#### Given data
◆ ◆ ◆ ◆ ◆ ◆ ◆
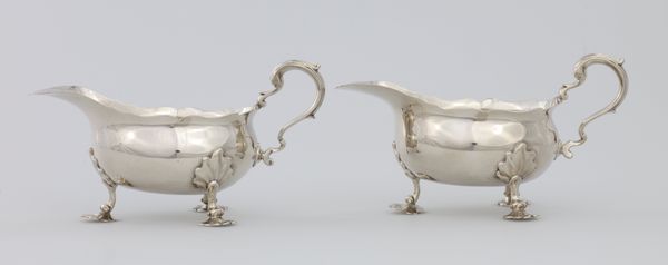 Curator: Here we have a pair of double-lipped sauceboats crafted by Thomas Farren, active in the early 18th century. Editor: Their fluid lines give them a distinctly Baroque feel, the light reflecting off the silver surface. Curator: These sauceboats offer a glimpse into the dining habits of the wealthy. Silverware was a status symbol, reflecting a family's economic standing. Editor: Note the carefully sculpted handles and the subtle engravings. These details elevate what would otherwise be a simple utilitarian object. Curator: Indeed, the material itself is significant. Silver, unlike earthenware, doesn’t absorb flavors, ensuring the purity of each sauce. Editor: Beyond that, the very shape and size seem perfectly calibrated for the sauces of the period. You can almost taste the rich gravies they once held. Curator: It’s a testament to the skill of craftsmen of the period. Their labor produced objects of beauty and luxury. Editor: Yes, and what elegant forms! It’s a simple object, but it tells a rich and interesting story about the culture that produced it.
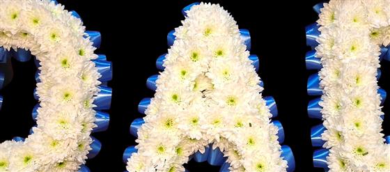 Floral Dad tribute based with white chrysanthemums, ribbon colour of your choice and top sprays to match.
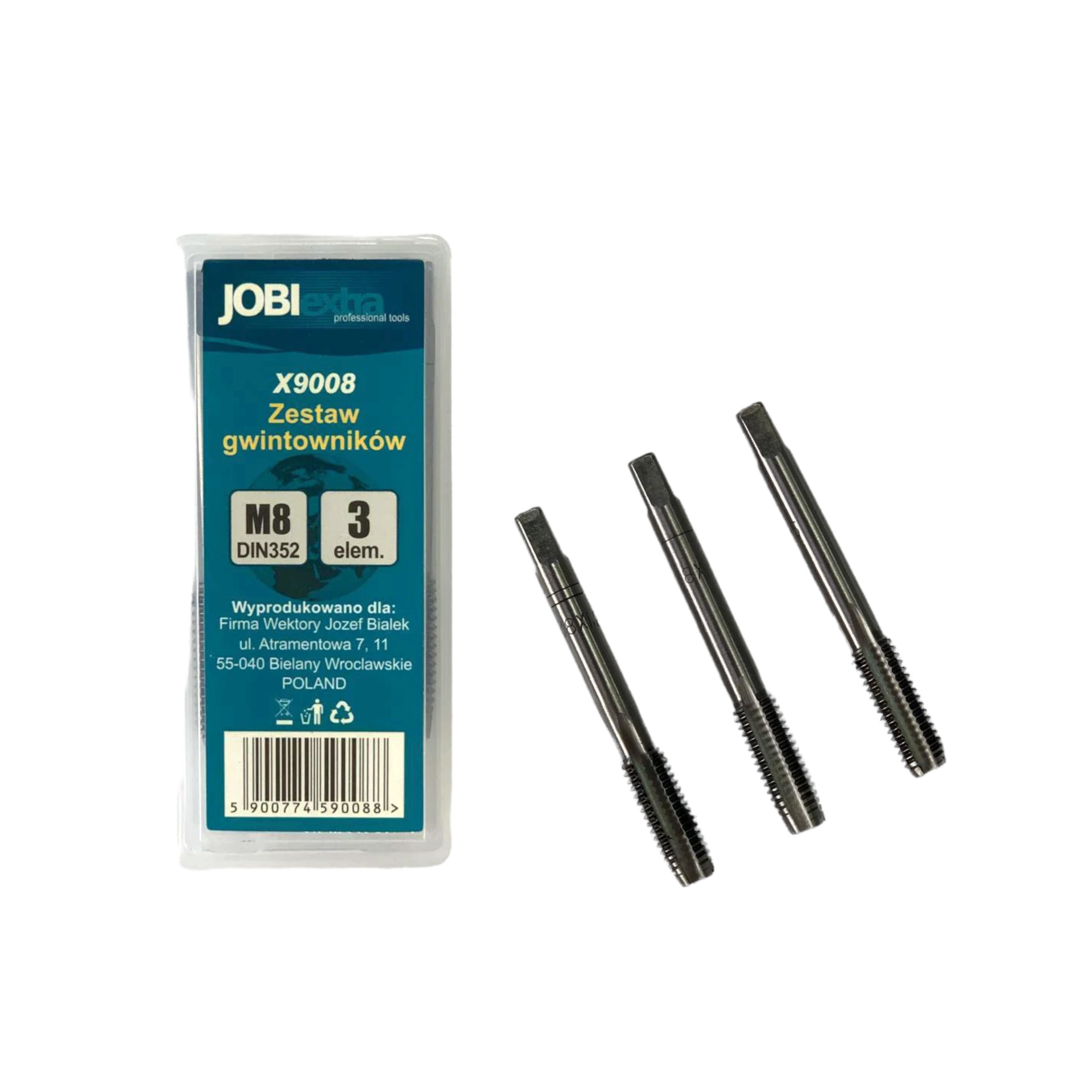 Zestaw gwintowników JOBIextra został zaprojektowany z myślą o profesjonalistach oraz majsterkowiczach oczekujących trwałości, precyzji i wygody pracy. W zestawie znajdują się trzy gwintowniki do każdego rozmiaru metrycznego – M3, M4, M5, M6, M8, M10, M12, M14, M16 – umożliwiające wykonanie pełnego procesu gwintowania otworów przelotowych i nieprzelotowych w metalu.
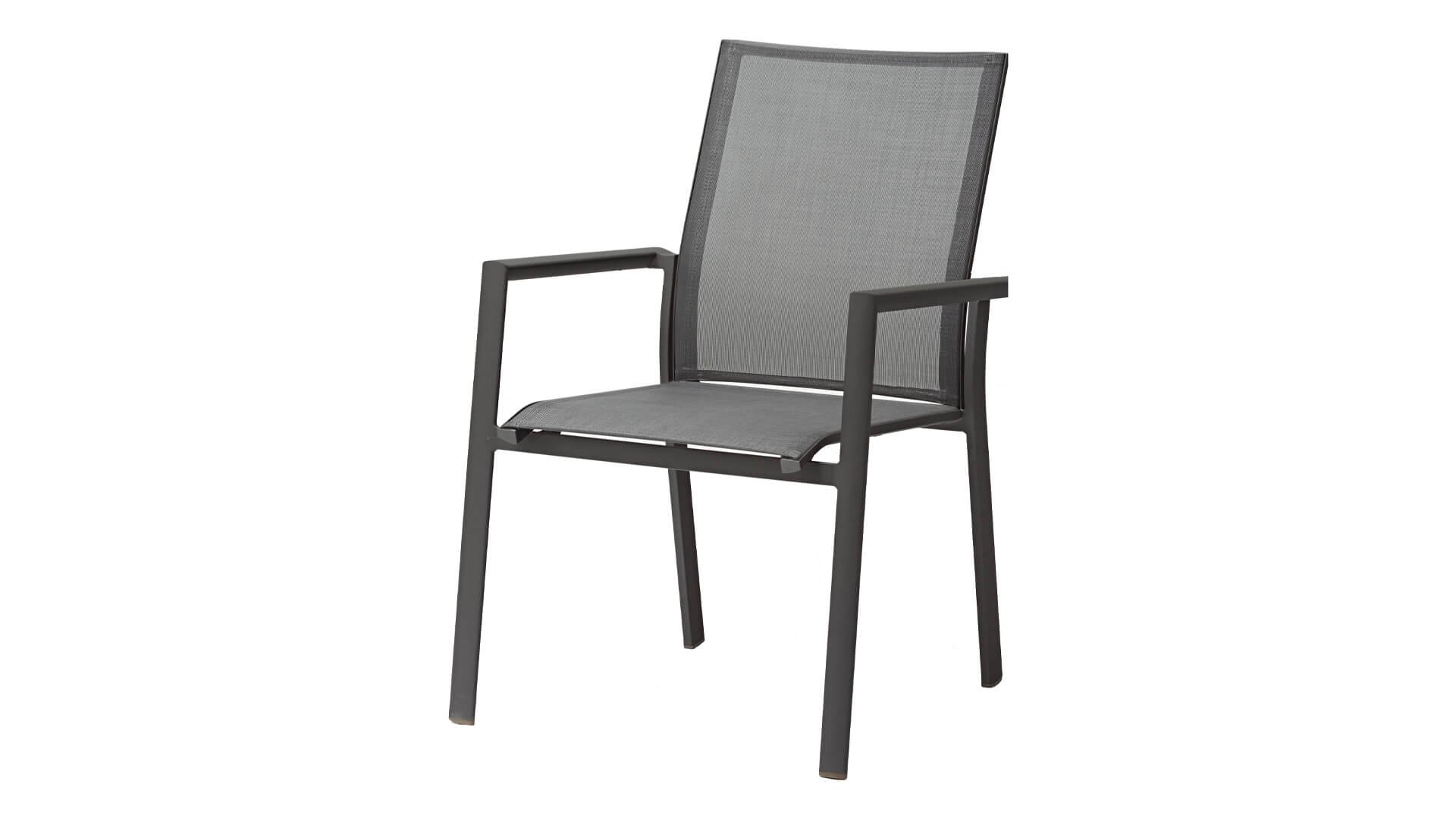 De Zebra Greenline Fly serie. Het frame van gepoedercoat aluminium Graphite, Elegance grey of RVS. Deze serie is bedekt met een Dark grey gekleurde Batyline® stof. De Batyline® Textilene dat is gebruikt, is een bewezen synthetische stof die is ademend en scheurvast is voor meerdere jaren. De serie Greenline van Zebra combineert onder andere hedendaagse, ecologie en duurzaamheid met elkaar. In de corporate-concept Greenline is de kwestie van duurzaamheid en de selectie van milieuvriendelijke materialen, die worden verwerkt tot comfortabele, fraai vormgegeven, tijdloze meubels.
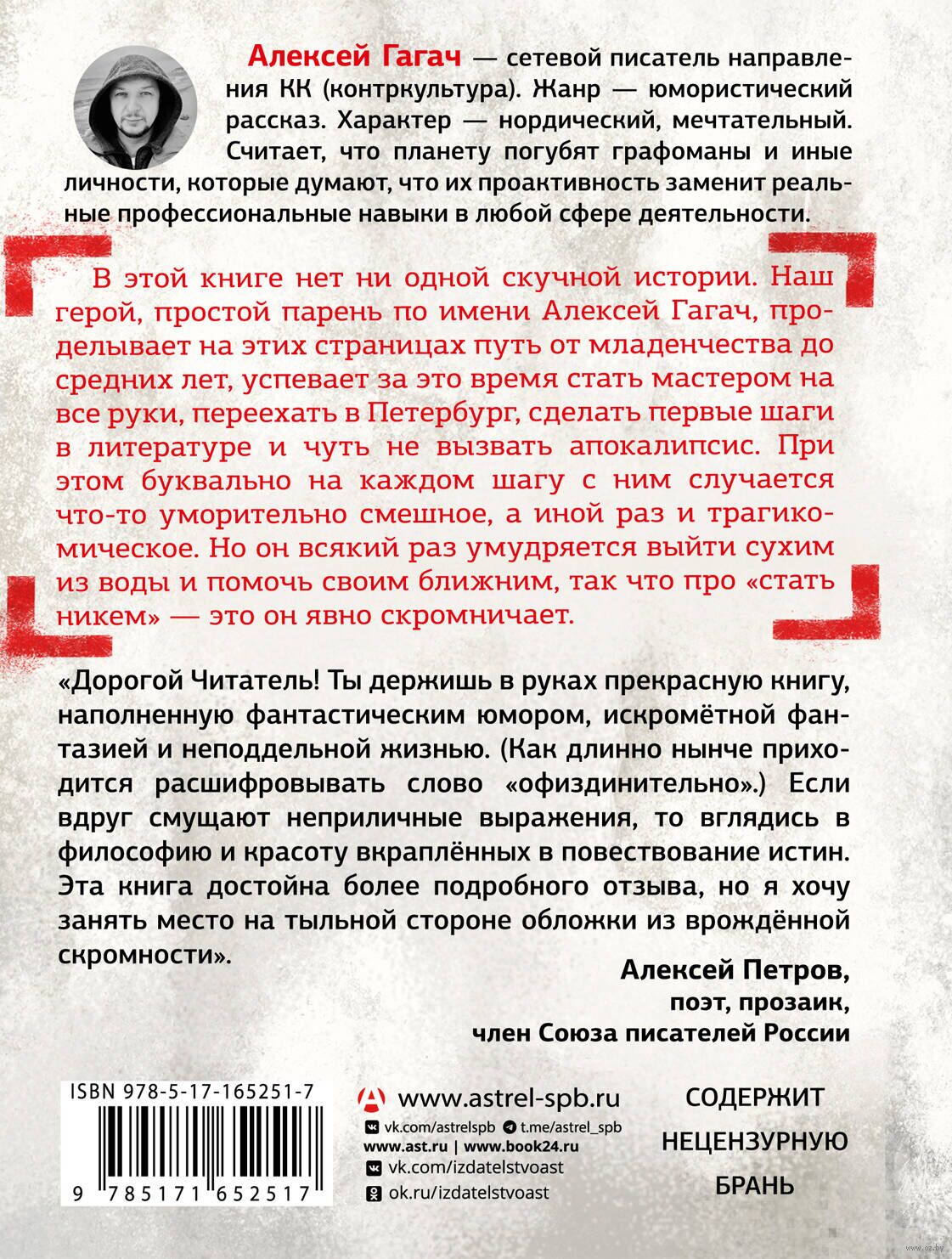 В этой книге нет ни одной скучной истории. Наш герой, простой парень по имени Алексей Гагач, проделывает на этих страницах путь от младенчества до средних лет, успевает за это время стать мастером на все руки, переехать в Петербург, сделать первые шаги в литературе и чуть не вызвать апокалипсис. При этом буквально на каждом шагу с ним случается что-то уморительно смешное, а иной раз и трагикомическое. Но он всякий раз умудряется выйти сухим из воды и помочь своим ближним, так что про "стать никем" – это он явно скромничает.
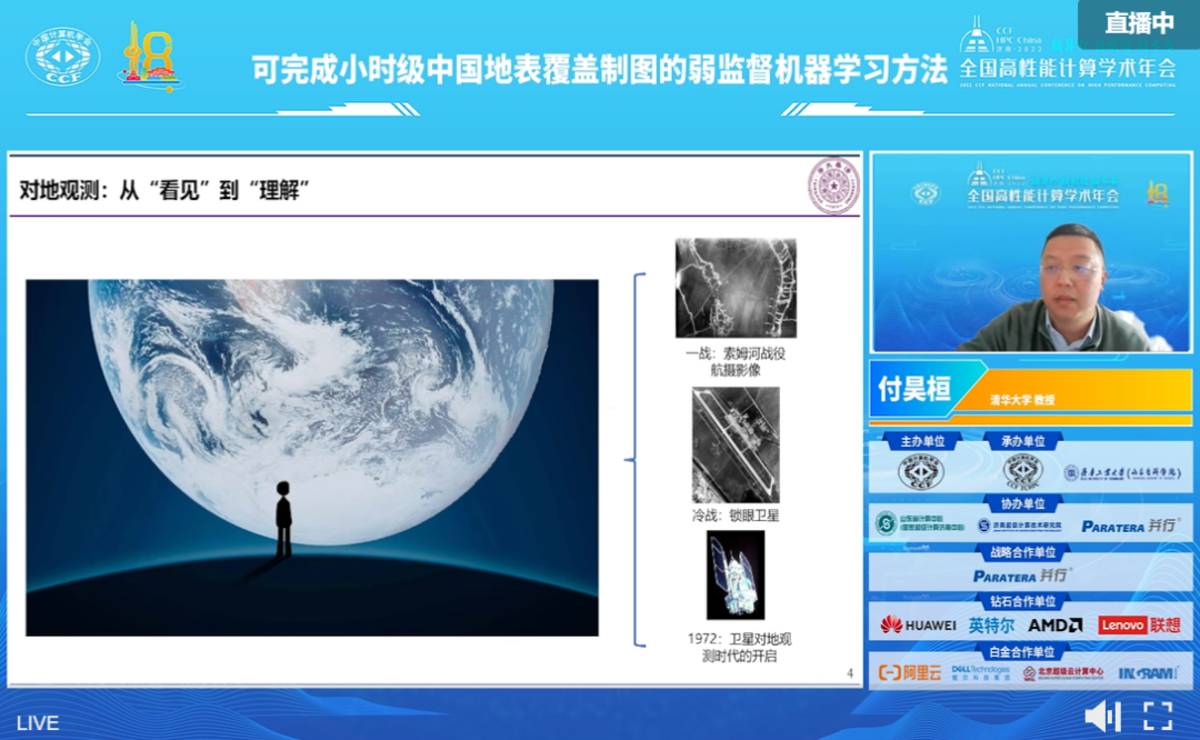清華大學(xué)地球系統(tǒng)科學(xué)系長聘教授,國家超級計算無錫中心副主任付昊桓在主題講演中基于對新一代神威超級計算機的應(yīng)用,討論了有關(guān)地表覆蓋制圖的一種高可擴展的弱監(jiān)督分類方法,無需額外的人工標注,即可完成大尺度的地表覆蓋任務(wù)。
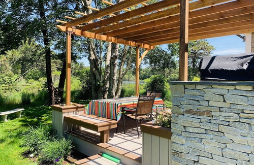 amenities: kayaks, paddle board, bikes, tennis rackets, fishing rods, beach toys, beach umbrella and cart mini split ac units in the master bedroom and dining room along with a window unit in the second bedroom ensure the home is kept comfortable on the days the cool breeze from the pond is not sufficient!
◆ ◆ ◆ ◆ ◆ ◆ ◆
#### Exercise
Copy all the lines of data exactly as they appear, dropping any images.

#### Task solution
 Curator: Here we have a pair of double-lipped sauceboats crafted by Thomas Farren, active in the early 18th century. Editor: Their fluid lines give them a distinctly Baroque feel, the light reflecting off the silver surface. Curator: These sauceboats offer a glimpse into the dining habits of the wealthy. Silverware was a status symbol, reflecting a family's economic standing. Editor: Note the carefully sculpted handles and the subtle engravings. These details elevate what would otherwise be a simple utilitarian object. Curator: Indeed, the material itself is significant. Silver, unlike earthenware, doesn’t absorb flavors, ensuring the purity of each sauce. Editor: Beyond that, the very shape and size seem perfectly calibrated for the sauces of the period. You can almost taste the rich gravies they once held. Curator: It’s a testament to the skill of craftsmen of the period. Their labor produced objects of beauty and luxury. Editor: Yes, and what elegant forms! It’s a simple object, but it tells a rich and interesting story about the culture that produced it.
 Floral Dad tribute based with white chrysanthemums, ribbon colour of your choice and top sprays to match.
 Zestaw gwintowników JOBIextra został zaprojektowany z myślą o profesjonalistach oraz majsterkowiczach oczekujących trwałości, precyzji i wygody pracy. W zestawie znajdują się trzy gwintowniki do każdego rozmiaru metrycznego – M3, M4, M5, M6, M8, M10, M12, M14, M16 – umożliwiające wykonanie pełnego procesu gwintowania otworów przelotowych i nieprzelotowych w metalu.
 De Zebra Greenline Fly serie. Het frame van gepoedercoat aluminium Graphite, Elegance grey of RVS. Deze serie is bedekt met een Dark grey gekleurde Batyline® stof. De Batyline® Textilene dat is gebruikt, is een bewezen synthetische stof die is ademend en scheurvast is voor meerdere jaren. De serie Greenline van Zebra combineert onder andere hedendaagse, ecologie en duurzaamheid met elkaar. In de corporate-concept Greenline is de kwestie van duurzaamheid en de selectie van milieuvriendelijke materialen, die worden verwerkt tot comfortabele, fraai vormgegeven, tijdloze meubels.
 В этой книге нет ни одной скучной истории. Наш герой, простой парень по имени Алексей Гагач, проделывает на этих страницах путь от младенчества до средних лет, успевает за это время стать мастером на все руки, переехать в Петербург, сделать первые шаги в литературе и чуть не вызвать апокалипсис. При этом буквально на каждом шагу с ним случается что-то уморительно смешное, а иной раз и трагикомическое. Но он всякий раз умудряется выйти сухим из воды и помочь своим ближним, так что про "стать никем" – это он явно скромничает.
清華大學(xué)地球系統(tǒng)科學(xué)系長聘教授,國家超級計算無錫中心副主任付昊桓在主題講演中基于對新一代神威超級計算機的應(yīng)用,討論了有關(guān)地表覆蓋制圖的一種高可擴展的弱監(jiān)督分類方法,無需額外的人工標注,即可完成大尺度的地表覆蓋任務(wù)。
 amenities: kayaks, paddle board, bikes, tennis rackets, fishing rods, beach toys, beach umbrella and cart mini split ac units in the master bedroom and dining room along with a window unit in the second bedroom ensure the home is kept comfortable on the days the cool breeze from the pond is not sufficient!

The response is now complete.